### [Assignment]
Only the lines that include "front" should be copied from the data below.

[Stored data entries]

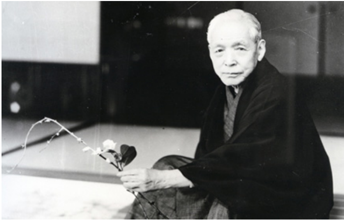
Ichizō Kobayashi, Father of the Takarazuka Revue

The Takarazuka Revue's motto, “Modesty, Fairness, Grace” comes from the teachings of Kobayashi Ichizō. These three ideals serve as the main pillars for every show put on by Takarazuka even in our present time. Kobayashi’s goal with the revue company was to offer “popular theatrical entertainment that the whole family can enjoy together.” Kobayashi's last words referred to the fundamentals of performing arts: singing, dancing and acting that weave beautiful fantasies on stage. His words were also meant as an instruction for each Takarasienne to have proper etiquette, good manners, and not to forget their dignity as individual women and members of society. Although the world has changed a lot since the founder left these instructions behind, the spirit of these words is still deeply ingrained in every Takarasienne and staff member as they navigate their everyday lives.
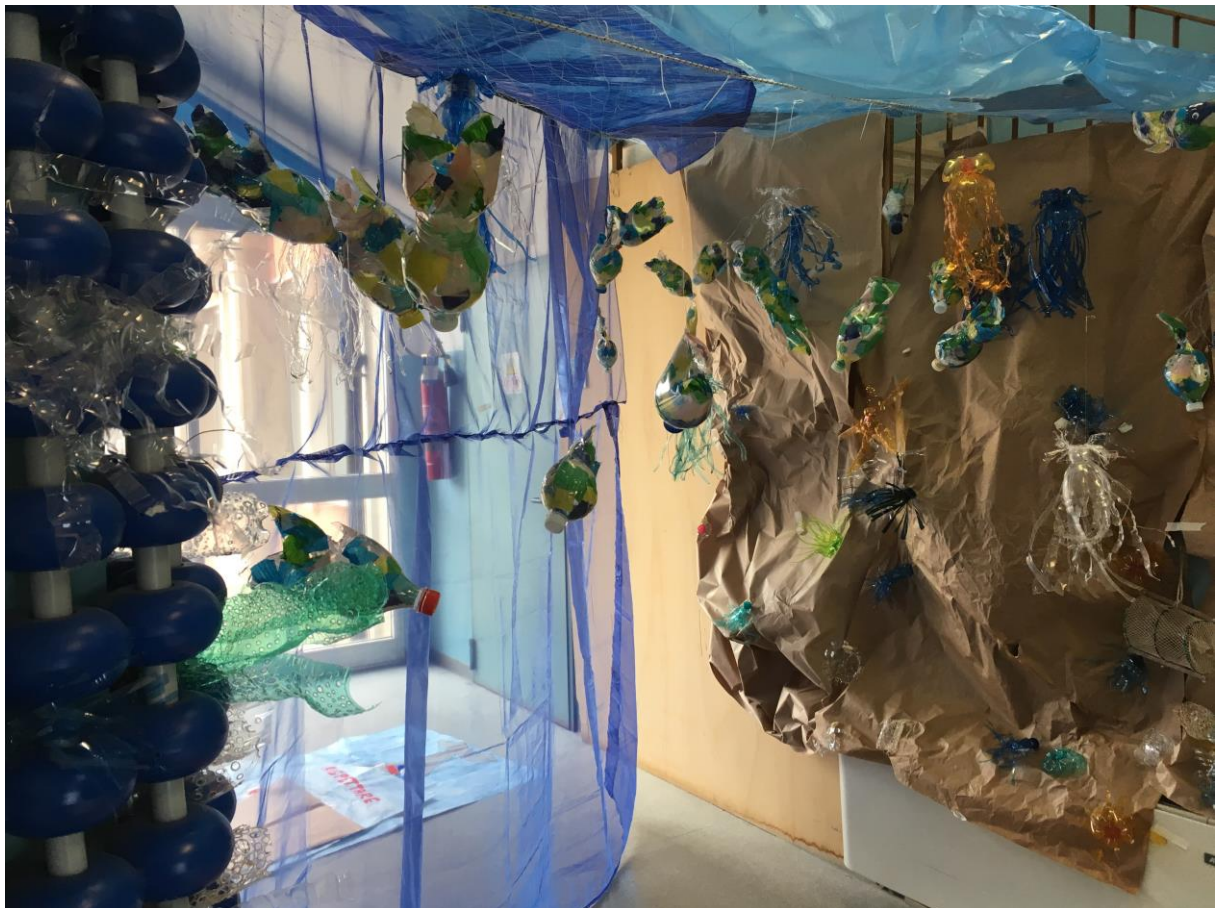
Figure 8 - Exhibition elaborate in secondary school Chioggia (PP1)
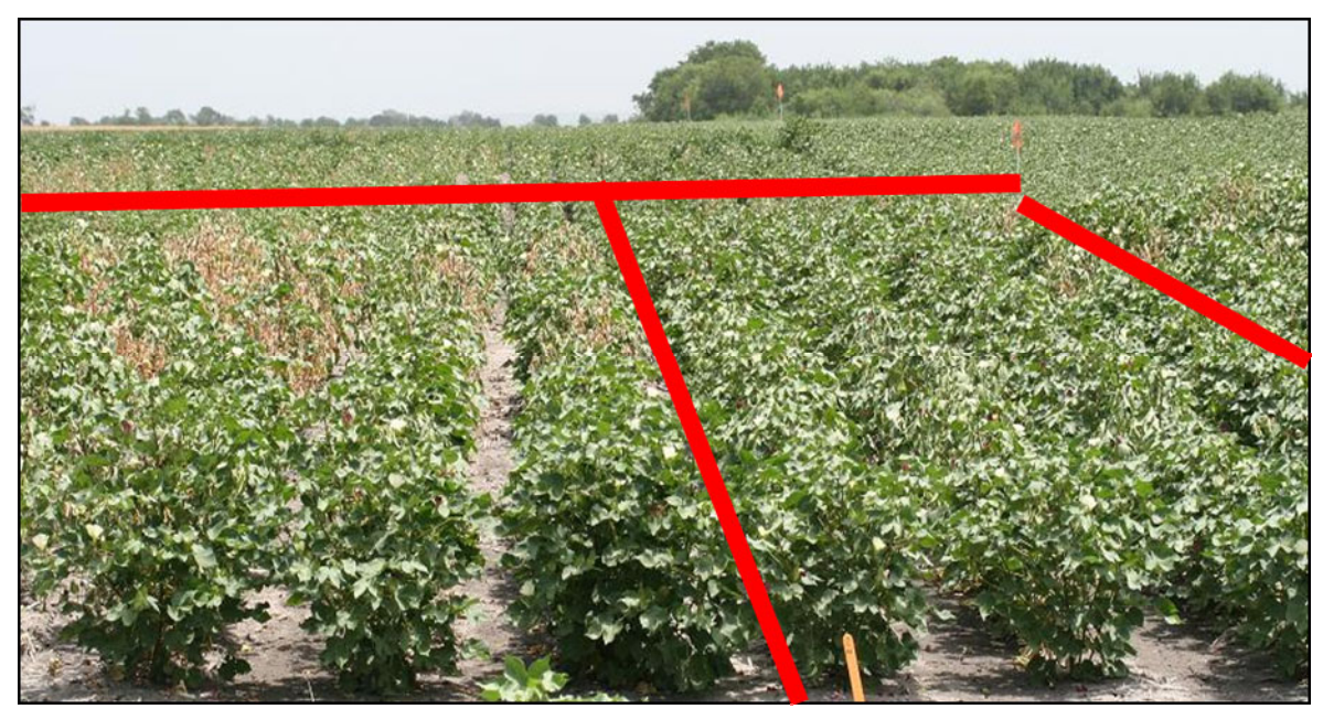
Figure 2. Hill County experiment on July 3, 2012. In the foreground, a non-treated plot to the left of the red line; a plot treated with 16 fl.oz./A Topguard to the right.

Based on observations from commercial, non-experimental fields, there can be a risk of phytotoxicity if there is a heavy rain within three days of planting. Unfortunately, there were only a few experiments in which there was sufficient disease pressure on all replicates of the controls to make meaningful comparisons on disease incidence and yield. For example, the first replicate of an experiment in Hill County had noticeable disease pressure and a noticeable response to the fungicide (Figure 2), but the disease was not as severe in the controls in some of the other replicates. Dry weather conditions during the growing season were a factor in reduced disease, but even in fields with ample watering, the disease did not appear where it was known to have appeared in previous years.
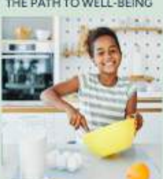
JUNIOR CHEFS: COOKING, CREATIVE WRITING FOR CULTURE AND NUTRITION BEGINNERS: BRINGIN
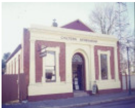
chiltern anthenaeum and museum conness st chiltern front from south west she project 2003
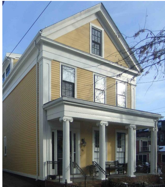
69 Thorndike Street and 102 Thorndike Street (both 1844) are variants of the side-hall Greek Revival house, built with and without a front portico.
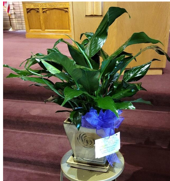
With love & sympathy, your brothers & sisters in Christ at Grace Communion Church
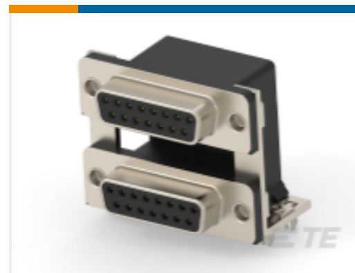
TE Part # 2454917-5 D-SUB , 15 POS RCPT OVER 15 POS RCPT
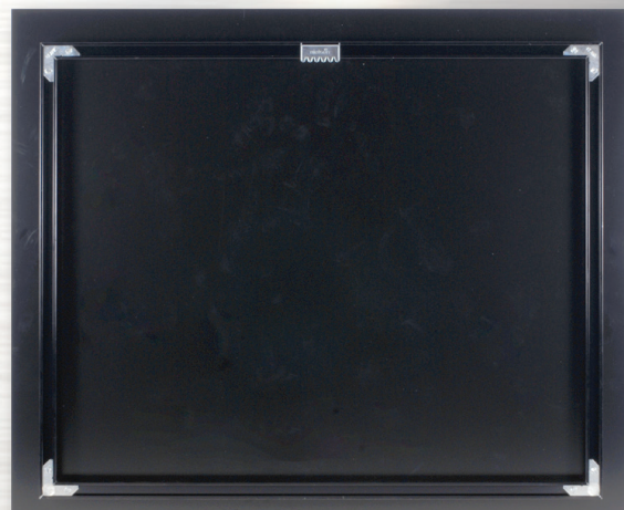
Elegant Black Back Finish and Black Aluminum Metal Frame

Standard presentation includes an inset black 3/4" aluminum back frame but other options are available. (easels, flat plate, standoffs, floater frame, float block).
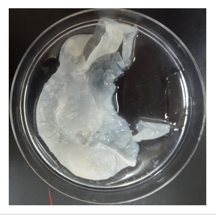
Figure 2. Removed Hydatid Cyst From Urinary Bladder of Patient.

Tri-chrome and Hematoxylin/eosin staining methods. Microscopic examination of prepared tissue sections showed Echinococcus granulosus protoscoleces with thick outer laminated hyaline layer (non-cellular membrane) with covers the thin activate germinal epithelium which represents the hydatid cyst diagnosis (Figure 3). In the follow-up, frequent urination problems were improved. For treatment, ciprofloxacin (500 mg) twice a day for three days, Albendazole (10 mg/kg/d) for a period of 12-weeks, and mebendazole (100 mg/kg/d) for 6 months were used. Sonography was recommended 1 month later. After surgery, the patient has recovered and discharged from hospital with a good general condition.
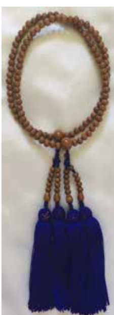
#44-3 Women's Furiwake Ume Wood with Purple Tassel. Double Strand. For any sect. 3.5"Dia. or about 22"Circum. Tassel: 3.5"L $79.00
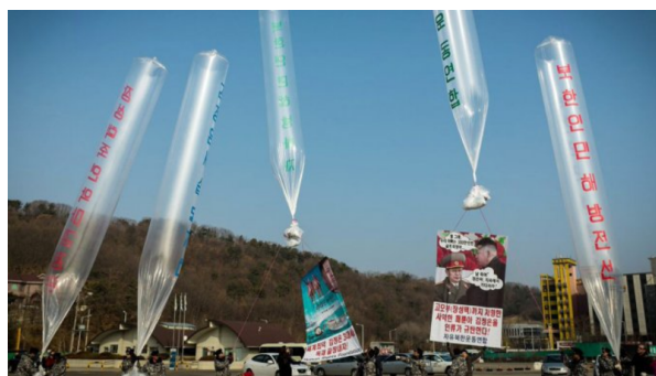
Fig. 3. Propaganda Balloon Drops Launched into North Korea by Human

emails indicate that Sony's South Korean division opted early on not to screen The Interview in South Korea, citing an aversion to its caricature of the leader of North Korea and spoof of a "North Korean" accent, South Korea's centrality as a site for a more sinister distribution of the film might give us some pause. 19 Much along the lines advocated by Bennett, organizations like the U.S.-based, right-wing Human Rights Foundation headed by the self-professed Venezuelan "freedom fighter" Thor Halvorssen Mendoza as well as South Korean defector groups asserted their readiness, even prior to Sony's temporary pulling of the film, to conduct illegal balloon drops of DVD copies of The Interview from South Korea into North Korea. We might note that one of the Korean subheadings on Sony's promotional poster for the film reads explicitly to a North Korean audience: "Don't believe these ignorant American jackasses." Of the film's propagandistic value, Halvorssen, who describes comedies as "hands down the most effective of counterrevolutionary devices"—here, echoing Rogen's cavalier assessment of the film's supposedly subversive potential, "Maybe the tapes will make their way to North Korea and start a fucking revolution"—told Newsweek , "Parody and satire is powerful. Ideas are what are going to win in North Korea. Ideas will bring down that regime." 20
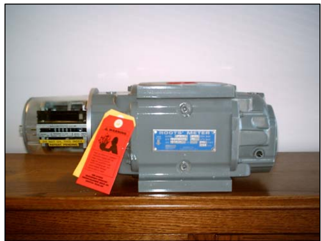
Figure 2. Roots biogas flowmeter

Biogas produced in the anaerobic digester is trapped under a positive or negative pressure geomembrane cover installed over the digester cell. The biogas is routed from the digester to the flare via PVC tubing. A flow meter, which measures gas flow, is fitted in the biogas transfer system piping.
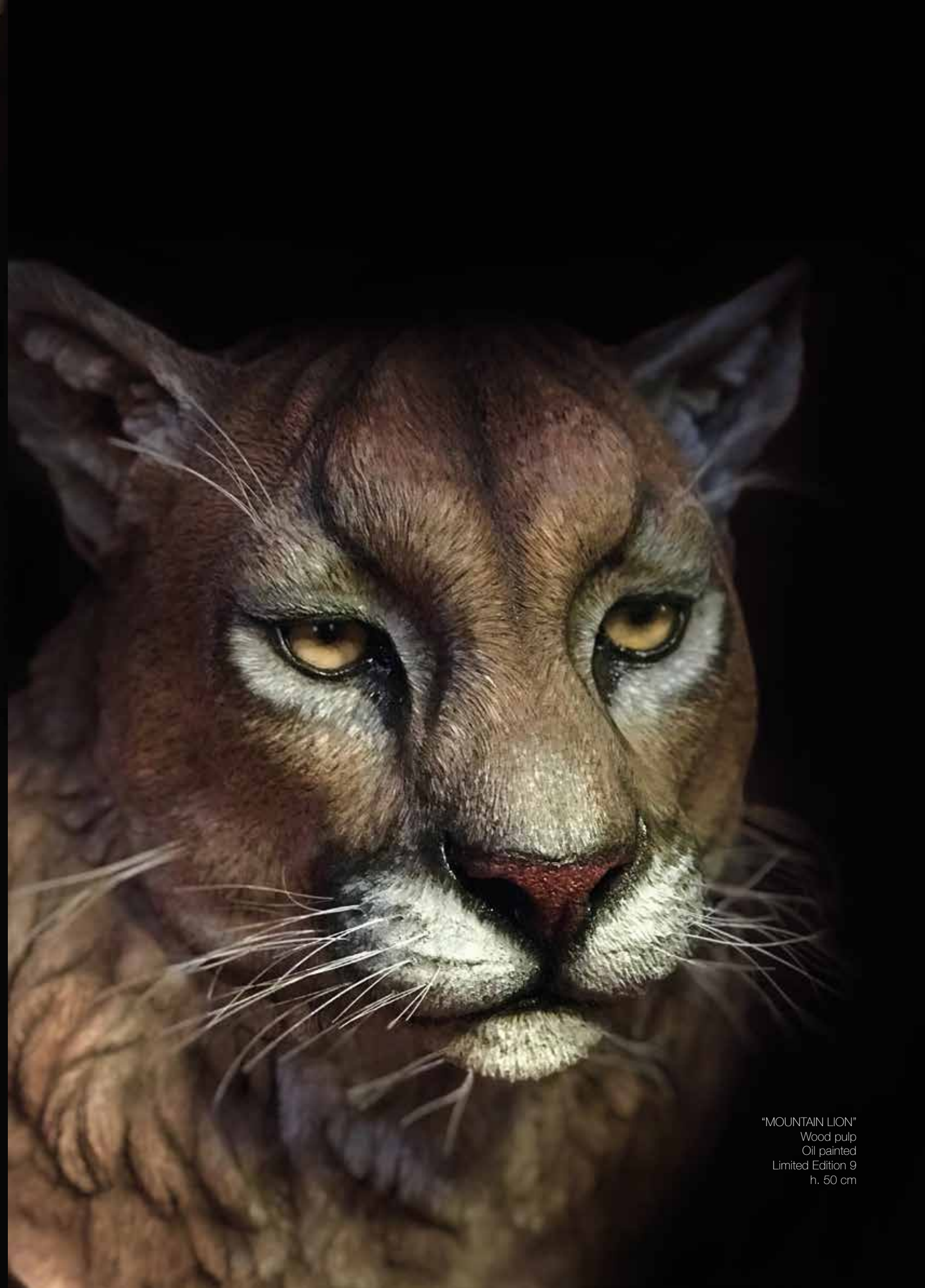
"MOUNTAIN LION" Wood pulp Oil painted Limited Edition 9 h. 50 cm
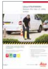
Leica UTILIFINDER+ Flyer

Illustrations, descriptions and technical data are not binding. All rights reserved. Printed in Switzerland – Copyright Leica Geosystems AG, Heerbrugg, Switzerland, 2015. 842508en - 12.15 - INT
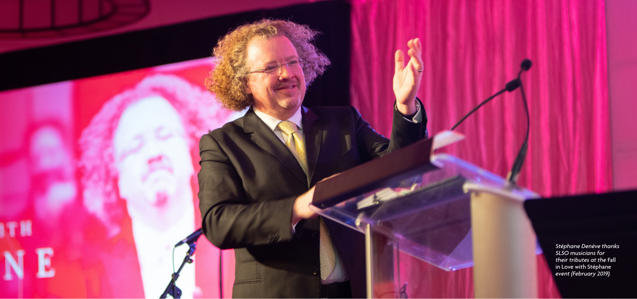
Stéphane Denève thanks SLSO musicians for their tributes at the Fall in Love with Stéphane event (February 2019).

### [Task answer]
chiltern anthenaeum and museum conness st chiltern front from south west she project 2003
69 Thorndike Street and 102 Thorndike Street (both 1844) are variants of the side-hall Greek Revival house, built with and without a front portico.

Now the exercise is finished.